Gibson Guitar Corp. on Thursday sued Wal-Mart Stores Inc. and five other major retailers that sell the Activision “Guitar Hero” game, claiming it violates a patent it holds.
A federal lawsuit filed Monday claims Wal-Mart, Target Corp., Kmart, Amazon.com, GameStop Corp. and Toys “R” Us should stop selling the game.
Gibson has already tried to stop video game publisher Activision Inc. from selling all versions of the game, claiming it too closely matches a musical virtual-reality patent from 1999.
The guitar company said in a released statement that it took “this action reluctantly, but is required to protect its intellectual property.”

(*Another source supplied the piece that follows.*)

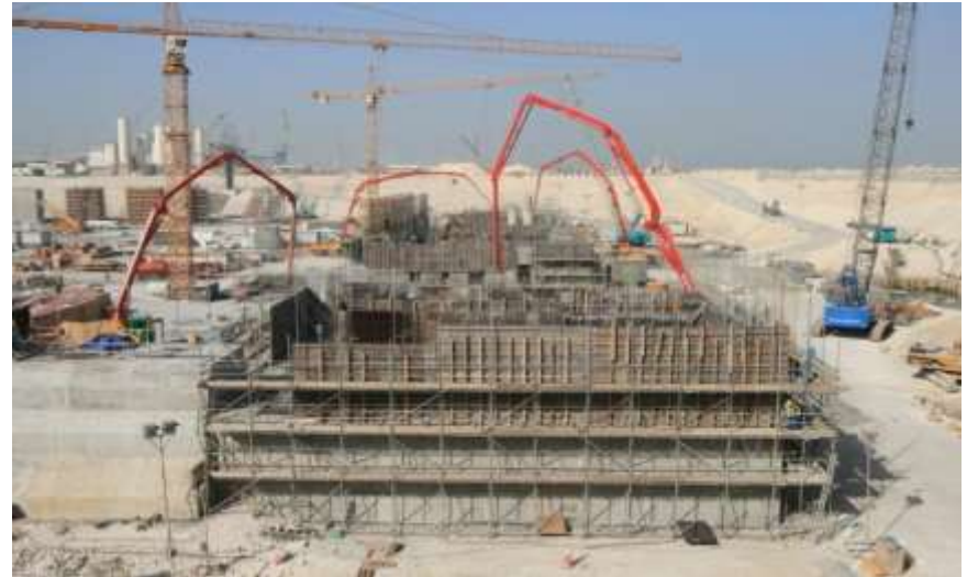
Nakhilat Ship Repair Yard, Ras Laffan Industrial City

Earlier this month, Activision filed suit in California asking a federal judge to declare the game does not violate the patent.

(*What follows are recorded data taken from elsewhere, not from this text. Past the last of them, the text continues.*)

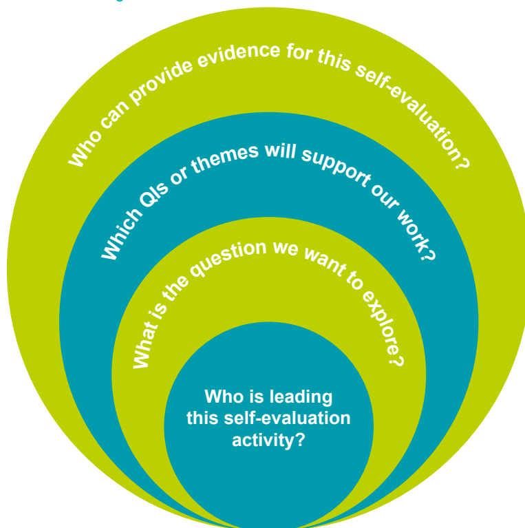
Fig. 5: Self-evaluation – taking a closer look

To support your self-evaluation strategy, individuals and teams of staff and partners across the school community will find the toolkit helps them to analyse the impact of their work on learners. Quality indicators or themes from different quality indicators can be bundled together to enable a focus on a particular area of work such as family learning, employability skills or ensuring equity. Developing more specific self-evaluation questions and identifying relevant partners can create a focused context for this type of self-evaluation. This approach can help you identify aspects of school life which need a greater focus through individual professional development or collegiate working. Similarly, partners can develop their own bespoke self-evaluation toolkit by bringing together quality indicators or themes from different self-evaluation frameworks.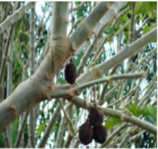
Fig 4: Dried fruits of J. Curcas L. (Mubonderi, 2012)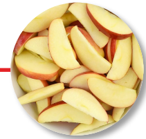
Food Services Model Procedures for students breakfast/lunch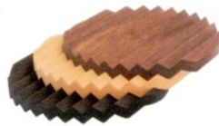
Crinkle-cut coasters. Zig Zag trivet $125/set of three, patkimdesign.com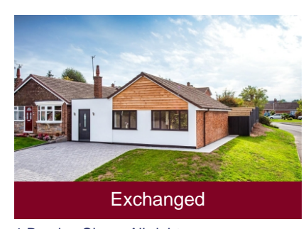
1 Barclay Close, Albrighton, Wolverhampton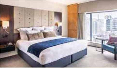
Grand Millennium Auckland | Auckland ●●●●●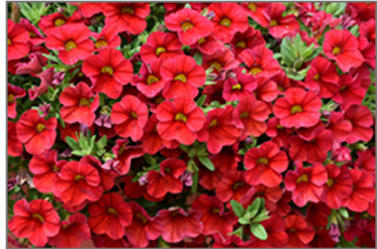
Superbells Red Calibrachoa flowers

Superbells Red Calibrachoa is recommended for the following landscape applications;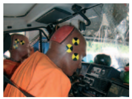
Car crash (on board)

Spokeswomen for Wal-Mart and Amazon.com said the companies do not comment on pending litigation. Officials with the four other retailers did not immediately return calls seeking comment.

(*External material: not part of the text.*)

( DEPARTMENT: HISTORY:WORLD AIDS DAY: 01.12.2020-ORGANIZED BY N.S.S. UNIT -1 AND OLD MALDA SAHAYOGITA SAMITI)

Santa Monica, Calif.,-based Activision contends Gibson’s patent assertions have no merit. Gibson has said it wants Activision to stop selling “Guitar Hero” until it gets a license under the patent.
“Our ’Guitar Hero’ retailing partners have done nothing wrong,” Activision said in released statement. “We will confront this and any other efforts by Gibson to wrongfully interfere with Activision’s relationship with its customers and its consumers.”
Gibson attorneys sent Activision a letter in January accusing it of violating a patent titled “System and Method for Generating and Controlling a Simulated Musical Concert Experience,” according to a lawsuit filed by Activision.
A copy of the patent is included in Gibson’s lawsuit and dated Nov. 23, 1999. It describes a device that lets a user “simulate participation in a concert by playing a musical instrument and wearing a head-mounted 3-D display that includes stereo speakers.”
The device also includes playback of audio and video of a prerecorded concert and a separate track of audio from the user’s instrument.
“Guitar Hero” users perform songs using a stringless, plastic guitar that plugs into a game console. A TV connected to the gaming console displays animated musicians playing along and graphics that guide users’ play.
In Gibson’s lawsuit, it states the company “has been damaged and will continue to be damaged by the aforesaid infringement unless defendants are enjoined, preliminarily and permanently, from selling and offering for sale infringing products ...”
Founded in 1894 in Kalamazoo, Mich., and headquartered in Nashville since 1984, Gibson Guitar Corp. has brands including Dobro, Maestro, Kramer, Steinberger, Tobias, Echoplex and Wurlitzer.
The various “Guitar Hero” titles have helped boost Activision’s sales, with the company reporting last month a 90 percent increase in profit for the third quarter ended Dec. 31 — in part due to strong sales of “Guitar Hero III: Legends of Rock.”